ROBUST AI program receives additional €25 million in funding from Dutch Research Council

January 10, 2023

ROBUST focuses primarily on the development of trustworthy AI technology for the resolution of socially relevant issues, such as those in healthcare, logistics, media, food and energy.

ROBUST, an initiative from the Innovation Center for Artificial Intelligence (ICAI), receives a €25 million contribution from NWO for the next ten years. The program will further strengthen the Dutch artificial intelligence ecosystem with a new impetus for fundamental AI research. Researchers from TU/e play a key role in the program.

ROBUST focuses specifically on developing reliable and explainable AI technology for socially relevant issues, in healthcare, logistics, media, food, and energy. The program is led by the UvA in collaboration with 51 partners from industry, government, and the knowledge sector. 

From TU/e, two labs are involved in the research project: FEPlab and the EAISI Mobility Lab. 

FEPlab

FEPlab is a collaboration between TU/e and hearing aid manufacturer GN Hearing. The mission of the lab is to ameliorate the participation of hearing-impaired people in formal and informal social settings.

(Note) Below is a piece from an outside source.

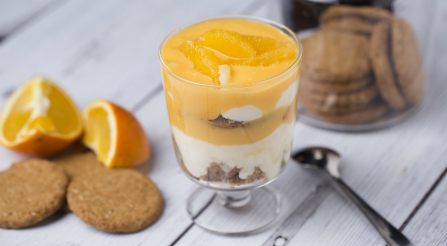 A narancs levét, a vaj felét, a cukrot és az enyhén felvert tojásokat és tojássárgákat lábosba tesszük és alacsony lángon, kevergetve addig főzzük, amíg elkezd sűrűsödni. Ekkor hozzákeverjük a vaj másik felét és kevergetve addig főzzük, amíg sűrű és fényes lesz. A végén hozzákeverem a narancshéjat is. Hagyjuk langyosra hűlni, a tetejére vizes sütőpapírt teszünk, hogy ne bőrösödjön. Összeállítjuk a desszertet: egy pohár aljára zabkekszet morzsolunk, erre néhány kanál mézzel kikever görög joghurtot kanalazunk, majd 1-2 ek narancskrém következik. A tetejére kifilézett narancsszeleteket teszünk és megszórjuk kb. 1 tk. kekszmorzsával.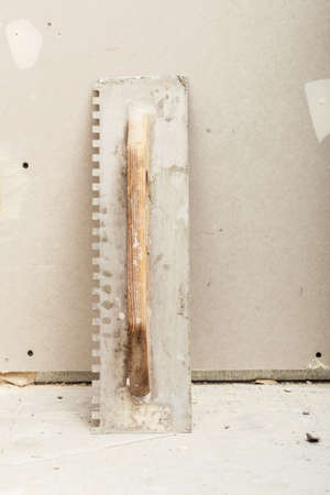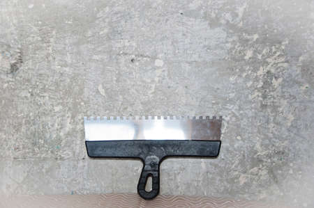 House renovation tools and objects concept. Trowel for smoothing cement, indoor shot.

The lab will focus its research on transferring a leading physics/neuroscience-based theory about computation in the brain, the Free Energy Principle (FEP), to practical use in human-centered agents such as hearing devices and VR technology.

FEPlab is co-directed by Bert de Vries (EE) and Jaap Ham (IE&IS)

EAISI Mobility Lab

EAISI Mobility Lab is a collaboration between TU/e and NXP Semiconductors. It aims to use the ongoing digitization of vehicles and transport services to bring about accident-free mobility.

The Mobility Lab aims to design intelligent mobility systems that sense their environment, learn and understand it, and, in interaction with humans, reason about which action to take to achieve specific goals.

The EAISI Mobility Lab is co-directed by Gerardo Daalderop (from NXP Semiconductors), Gijs Dubbelman (EE) and Carlos Zednik (IE&IS).

EAISI Program board director Shane O' Seasnáin, who coordinated this initiative from the start: "ROBUST is the exciting culmination of a long and intense process with many partners. It’s an excellent example of a large-scale national cooperation between research institutions and industry which has a positive impact on local economies. The new AI technologies that will result from this research are expected to have strong impacts and to include the needs of society for trustworthy AI. We are proud to extend our existing ICAI lab with NXP and add a fifth ICAI with GN Hearing".

Margriet van Schijndel, program manager Responsible Mobility of EAISI, adds: "For the EAISI Mobility Lab, the ROBUST program means a further deepening of the developments in the current collaboration, and a further securing for the longer-term collaboration with NXP. An important piece is also added in the field of ethics and AI for mobility. This fits well with our ambitions for an ELSA mobility lab" says Margriet van Schijndel, program manager Responsible Mobility of EAISI.

About ROBUST

ROBUST unites 17 knowledge institutions, 19 participating industry sponsors and 15 civil-social organizations from across the Netherlands. Maarten de Rijke, UvA university professor of Artificial Intelligence and Information Retrieval, is the ROBUST program leader. 

The additional 25 million euro grant comes from a call by the research council for Long-Term Programs, which give strong public-private consortia the chance to receive funding for a ten-year period. This as part of the initiative of the Dutch AI Coalition to invest in explainable and trustworthy AI. Next to the research council, companies, knowledge institutes contribute to the program. The total ROBUST budget amounts to 87.3 million euros, of which 7.5 million coming from the Ministry of Economics and Climate.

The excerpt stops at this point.